How QoS works for router-originated traffic

This section describes how QoS applies to traffic that originates on the SR Linux.

  1. An application on the SR Linux CPM has an IPv4 or IPv6 packet to send to another system.

  2. The CPM datapath assigns a DSCP to the self-generated packet based on its protocol and the hard coded mapping shown in Default forwarding class and DSCP marking for router-originated traffic.

    Except for ICMP and ICMPv6 echo-request packets, the DSCP values cannot be overridden. For originated echo-request packets, the DSCP override value can be configured as an optional parameter of the ping command.

  3. The CPM datapath looks up the DSCP from the previous step (either the fixed value or the override value for echo-request) in the default DSCP classifier policy (see System default DSCP classifier policy) to determine the FC and drop probability level.

  4. A forwarding lookup determines the egress port.

  5. On the 7250 IXR, the packet is sent to the egress line card and added to a Virtual Output Queue (VOQ) appropriate for its forwarding class and the egress port. The decision to drop or enqueue the packet in the VOQ and the scheduling of the VOQ follows the previous description for transit traffic. There is no scheduling differentiation between router-originated traffic and transit traffic of the same FC on the egress IMM.

  6. The packet is directed to the egress queue appropriate for its forwarding class and packet type. On the 7220 IXR-D2, D3, and D5 and the 7220 IXR-H2 and H3, the decision to drop or enqueue the packet in the egress queue and the scheduling of the egress queue follow QoS treatment of transit traffic described in How QoS works for transit traffic.

  7. The DSCP field in the IPv4 or IPv6 header is always written based on the hard coded mapping described in Default forwarding class and DSCP marking for router-originated traffic. If the packet also matches a DSCP policy rewrite rule or a dot1p rewrite rule applied to the output subinterface, the rewrite-rule policy is ignored.

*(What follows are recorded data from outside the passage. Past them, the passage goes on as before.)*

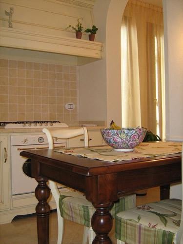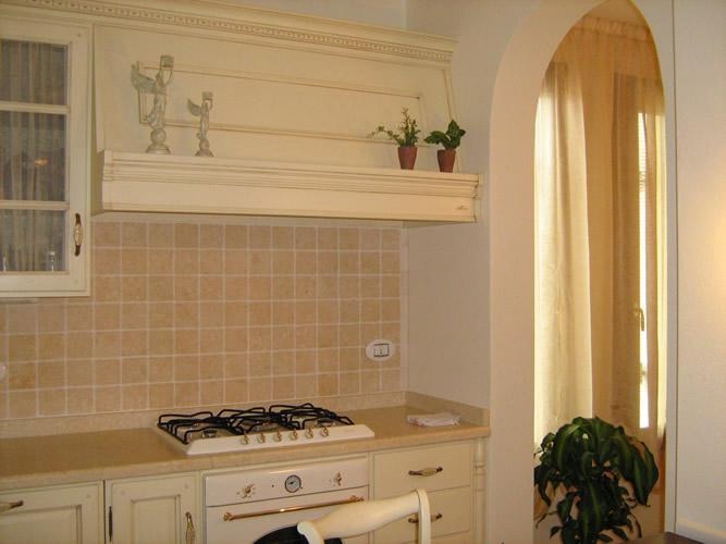 Kitchen with wooden case, marble and upholstery of textile fabric Cottage 2, Arcari
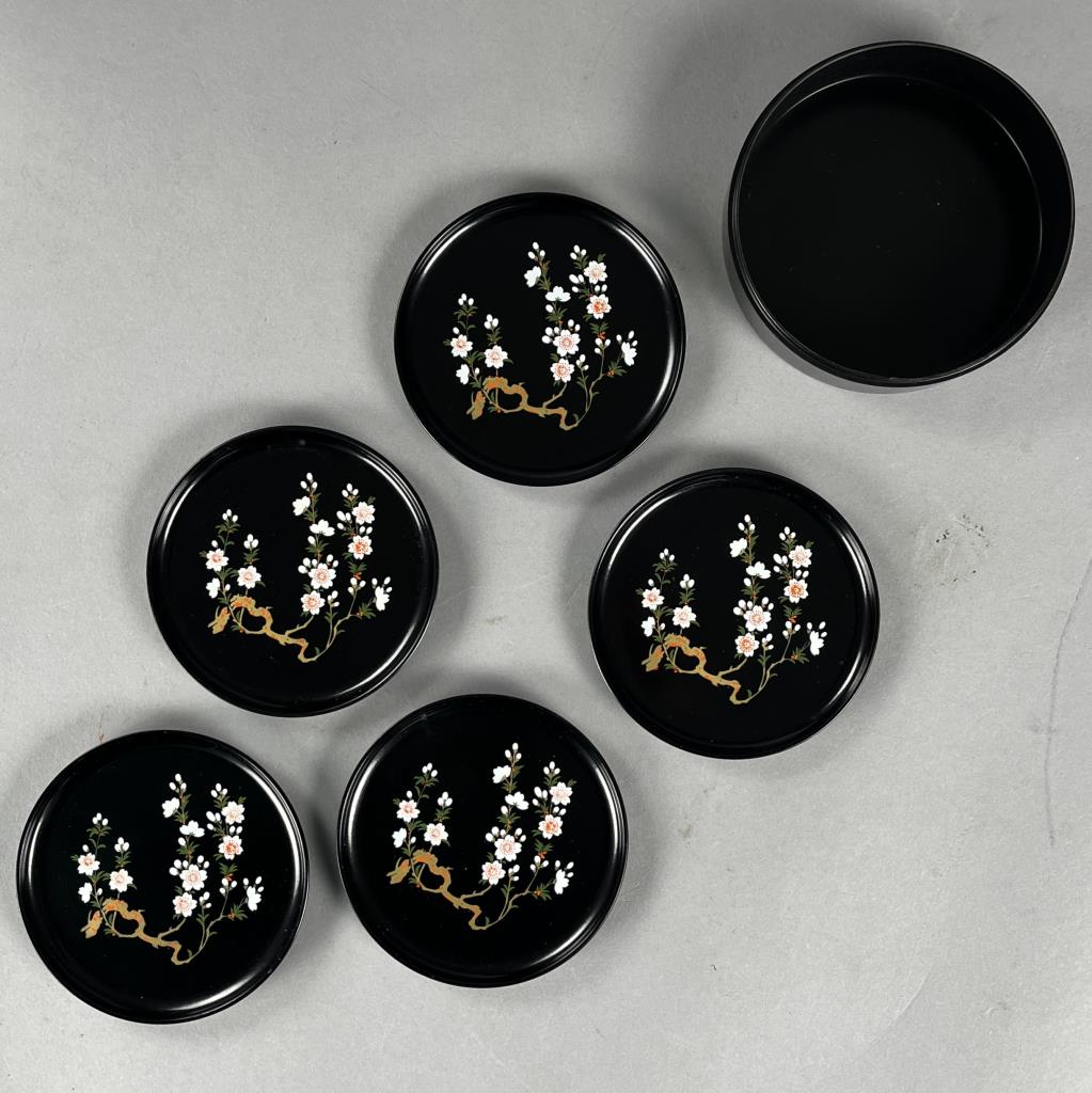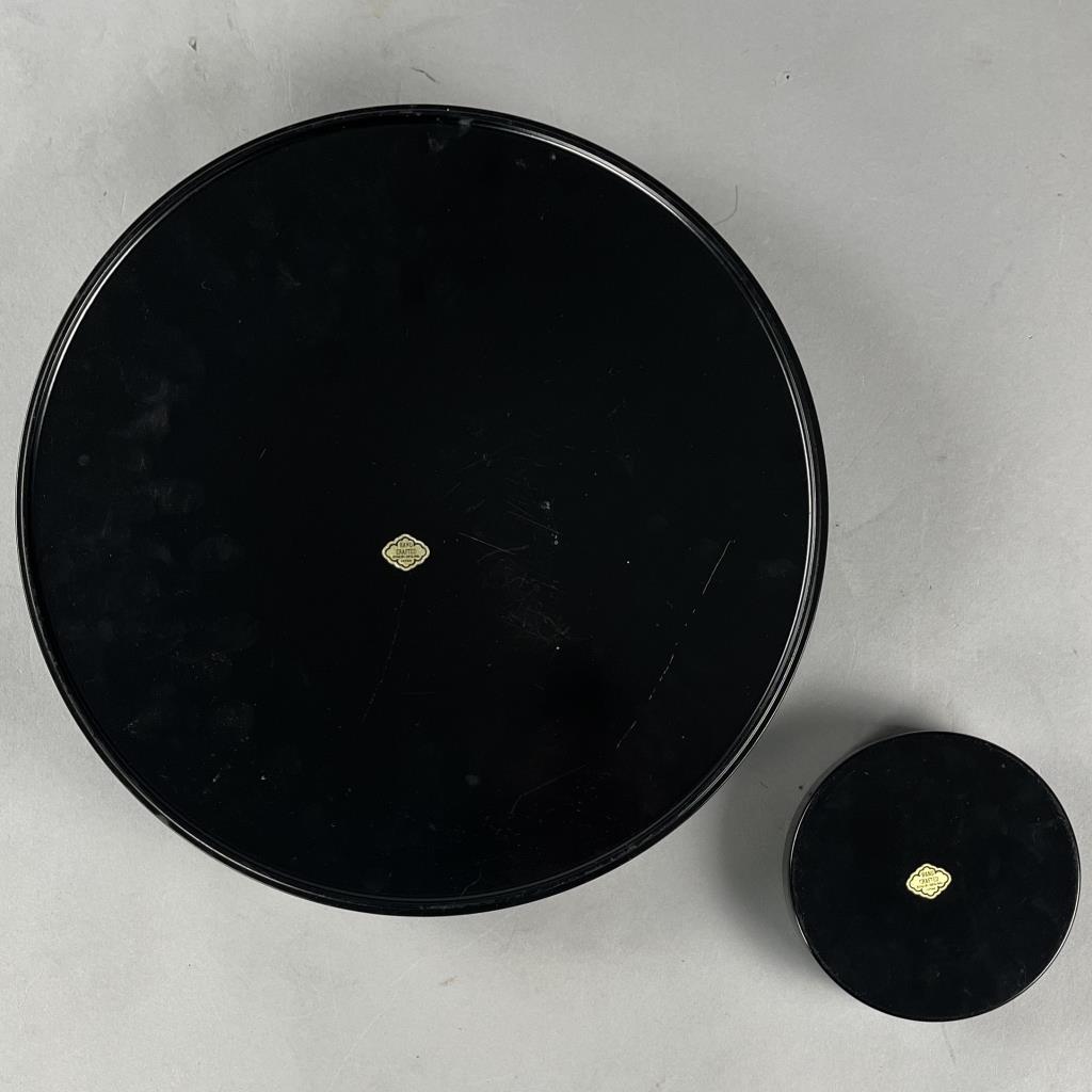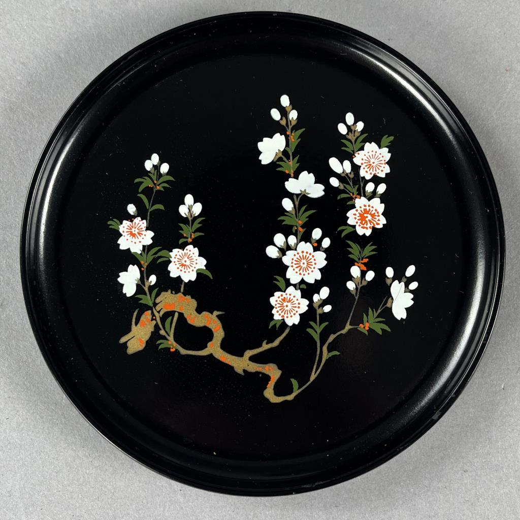 Faux Japanese lacquerware, enamel decorated plastic, round lidded and divided storage container (13-1/8″ D) , and a set of 5 coasters (4-1/8″ D) in a partial box, both pieces marked on the bottom with foil label for Otagiri Mercantile Company, mid 20 Century. CONDITION: The box for the coasters is missing the lid and is chipped on one side. SHIPPING: In-House Shipping Available. Please read our Shipping Policies and Terms and Conditions
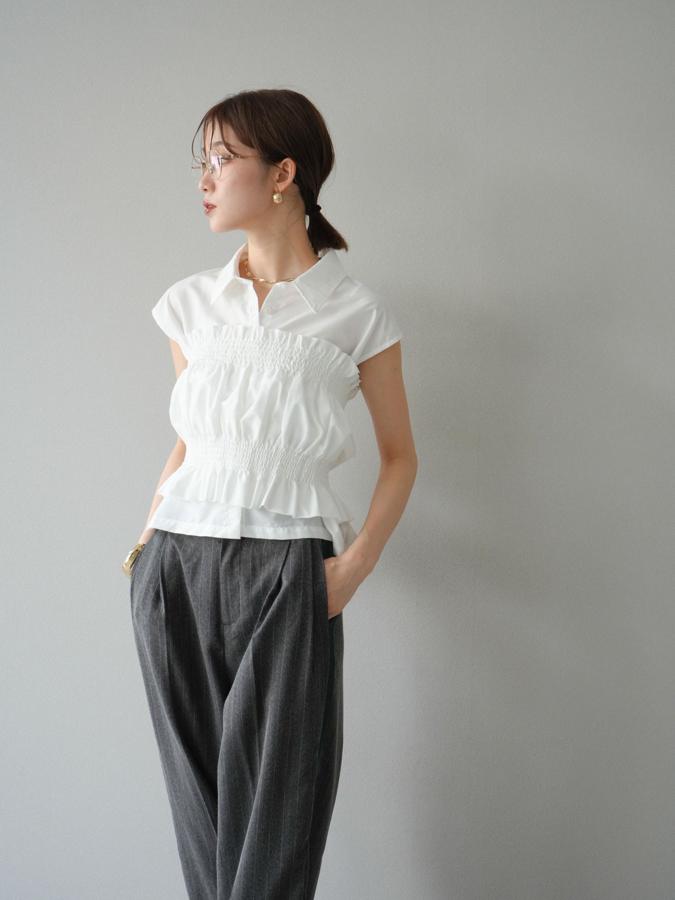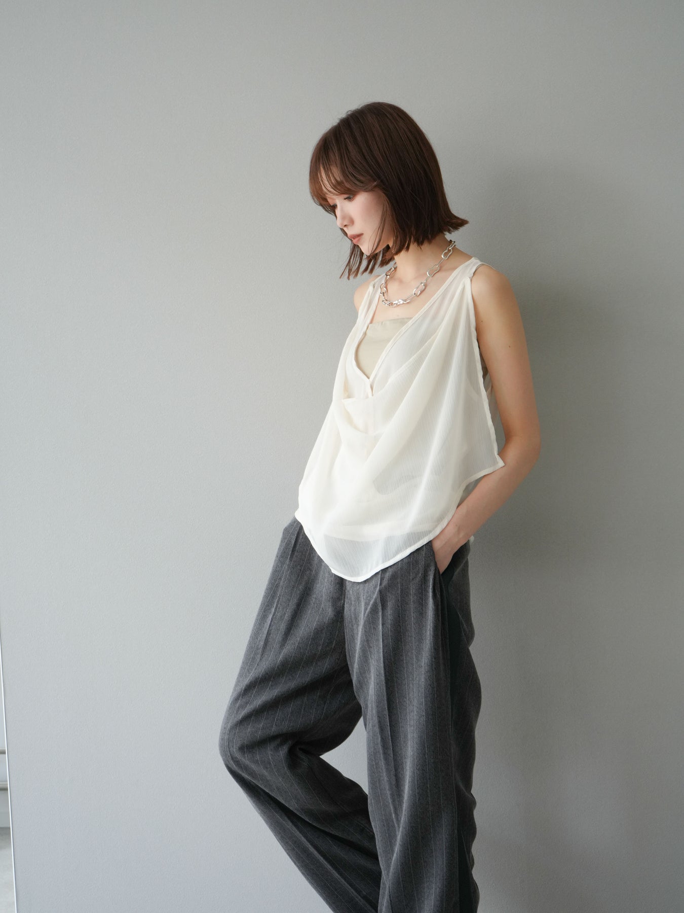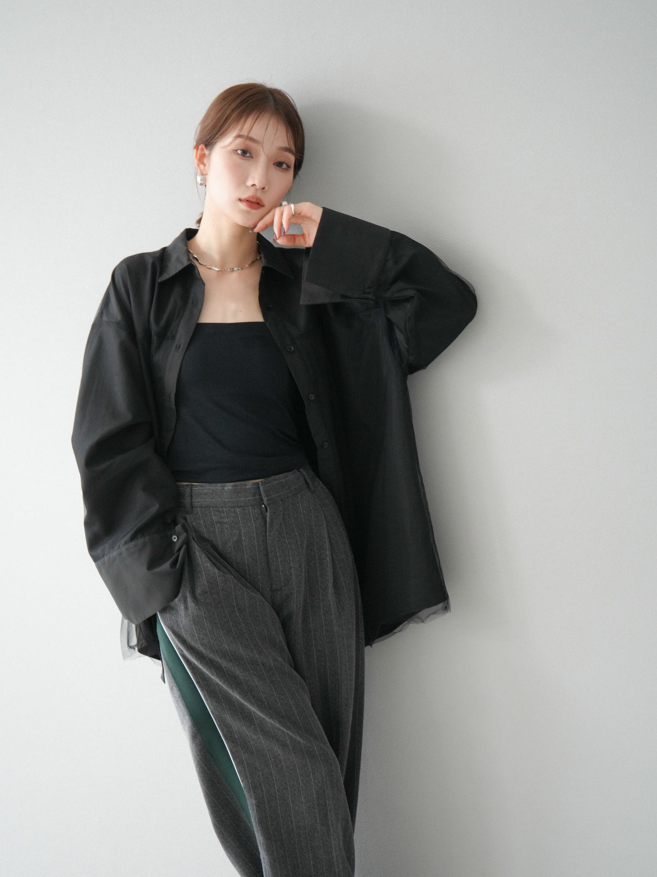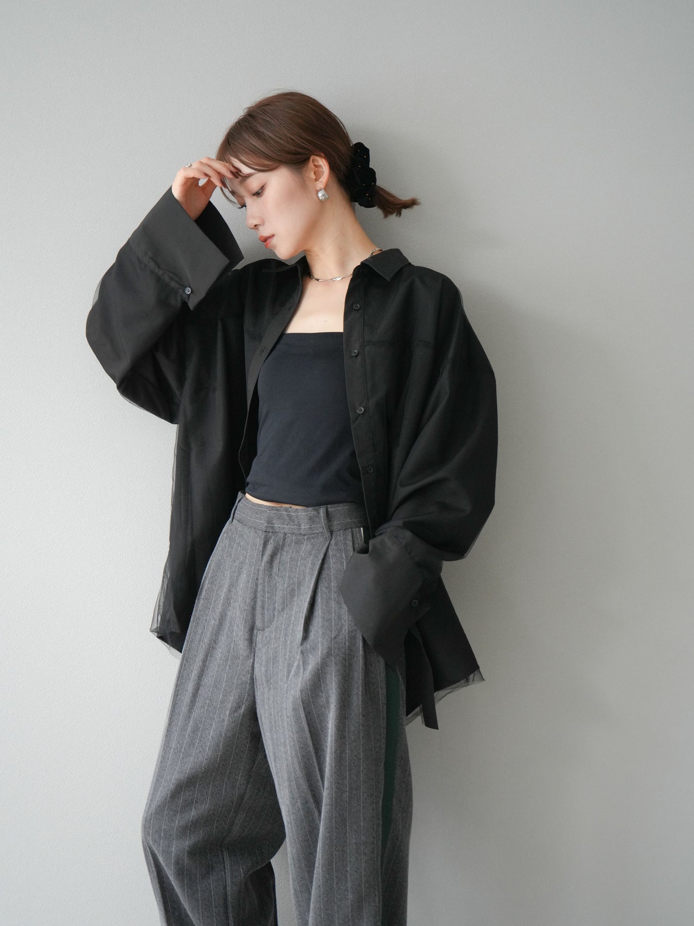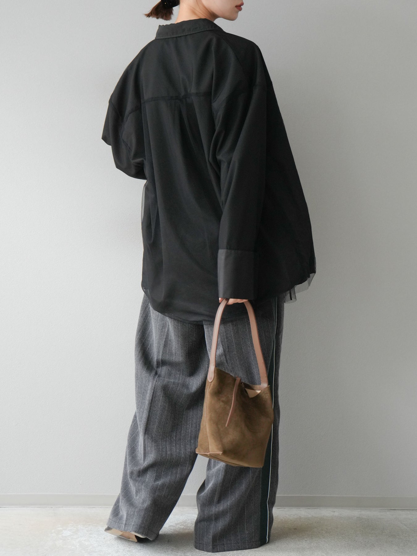 [予約]サイドラインストライプワイドパンツ/チャコール
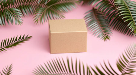 Closed brown kraft cardboard box with tape, showcasing simple and clean design. box is positioned to create soft shadow, evoking sense of minimalism and functionality
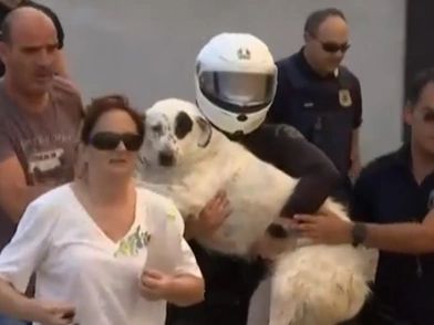 Η τηλεοπτική κάμερα του Alpha κατέγραψε τη στιγμή της διάσωσης ενός φοβισμένου σκύλου από δύο αστυνομικούς κι έναν κάτοικο της περιοχής.

Default forwarding class and DSCP marking for router-originated traffic

Table 2. Default forwarding class and DSCP marking for router-originated traffic
Protocol / message type Forwarding class index Drop probability DSCP marking
IPv4 ARP request/reply 6 Low N/A
ICMPv4 including echo-request1, echo- reply2, dest-unreachable, redirect, time-exceeded, parameter-problem 0 Medium 0
ICMPv4 echo-request with ToS/DSCP override = x look up X in system-default DSCP classifier look up X in system-default DSCP classifier x
ICMPv4 echo-reply to echo-request with non-zero DSCP x look up X in system-default DSCP classifier look up X in system-default DSCP classifier x
UDP traceroute 0 Low 0
IPv6 neighbor solicitation 6 Low 48 (CS6/NC1)
IPv6 neighbor advertisement 6 Low 48 (CS6/NC1)
All other ICMPv6 including dest unreachable, packet-too-big, time-exceeded, parameter-problem, echo-request, echo-reply, router-solicitation, redirect 0 Medium 0
ICMPv6 echo-request with DSCP override = x look up x in system-default DSCP classifier look up x in system-default DSCP classifier x
ICMPv6 echo-reply to echo-request with non-zero DSCP x look up x in system-default DSCP classifier look up x in system-default DSCP classifier x
BFD 6 Low 48 (CS6/NC1)
BGP 6 Low 48 (CS6/NC1)
DNS query 4 Low 34 (AF41)
FTP/TFTP 4 Low 34 (AF41)
gNMI 4 Low 34 (AF41)
JSON RPC 4 Low 34 (AF41)
LLDP N/A Low N/A
NTP 4 Low 34 (AF41)
sFlow 0 Low 0
SNMP 4 Low 34 (AF41)
SSH 4 Low 34 (AF41)
Syslog 4 Low 34 (AF41)
TACACS+ 4 Low 34 (AF41)
1 Echo-request generated by a ping command with no DSCP parameter specified.
2 Echo-reply to an echo-request packet with DSCP=0.